# 2018 LT Service Charging System



## FergusonMisfit (May 9, 2018)

Anybody Run into charging system service light showing up? This morning when I left for work the "Service Charging System" notice came up on the DIC and the battery light popped up. After a string of curses I drove to the end of my long driveway and it went off. Figured I left the door cracked and maybe voltage had dropped, so I went about my business.

My drive to work is roughly 76 Miles about 2 miles from work it came back on, cruise set to 65 no AC running as it was cool. check voltage, it says 12.5. I make it to work shut it off, grab a voltmeter and check voltage at battery, 12.49, Fire it up and DIC is showing 12.1. I turn accessories on A/C, Stereo, Lights, It drops down below 11. Shut them off and she comes back up to 12.1, revving makes no difference in voltage.

Now a bit about the car
Purchased in 2019
Just Under 95k miles on it
All regular maintenance done by yours truly
Has never had a single issue outside of replacing Evap Vent solenoid as the pigtail magically got ripped off

My assumption Is the battery is about 5 years old, and although AGM, the auto stop system isn't exactly easy on them. Maybe its on its way out.
At the same time, at almost 95k its just as likely an alternator could be on its way out. My forearms are a bit on the thick side but I plan on squeezing them in to check output during lunch today.
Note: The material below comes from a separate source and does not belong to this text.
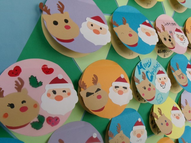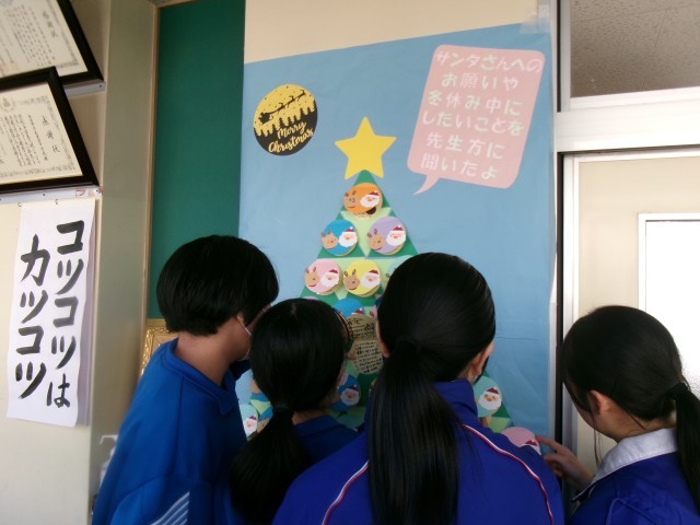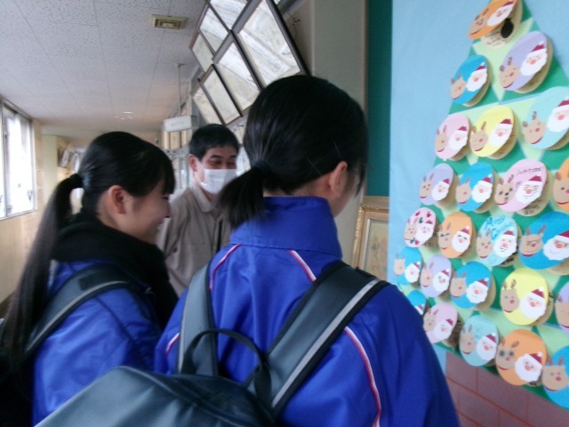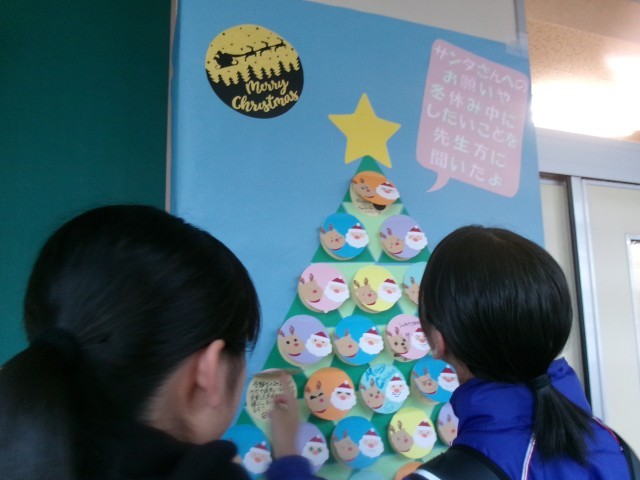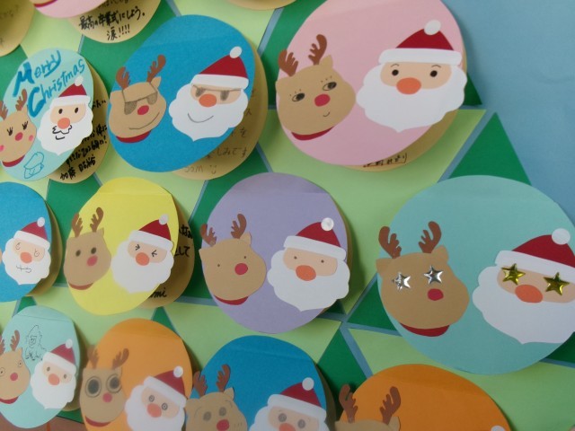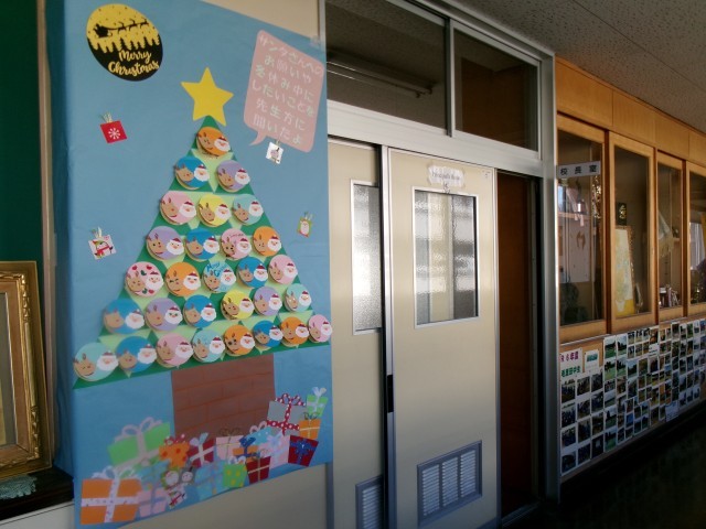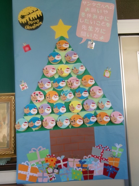 校務員さんが、職員に声をかけ、作ってくれました。サンタのクリスマスツリーです。

Just wondering if anyone can shed light on how much computer controlled charging there is? I'm aware of the adaptive charging but I wasn't sure how much of that information is passed onto the driver? Is it normal for the DIC voltage to not fluctuate during an increase in engine rpms? Its kind of hard to rev while holding leads on the battery.


----------



## FergusonMisfit (May 9, 2018)

Ran up to the autoparts store and had a charging system test done, battery tested fine, Alternator showed no voltage. Checked the fuses in in the battery compartment, they were fine. Gonna throw an alternator at it and see if it sticks. Goodbye 300 bones!


----------



## jblackburn (Apr 14, 2012)

Yep, your description in the first one definitely sounded like the alternator wasn't even charging. First one I've seen fail on a Gen 2.


----------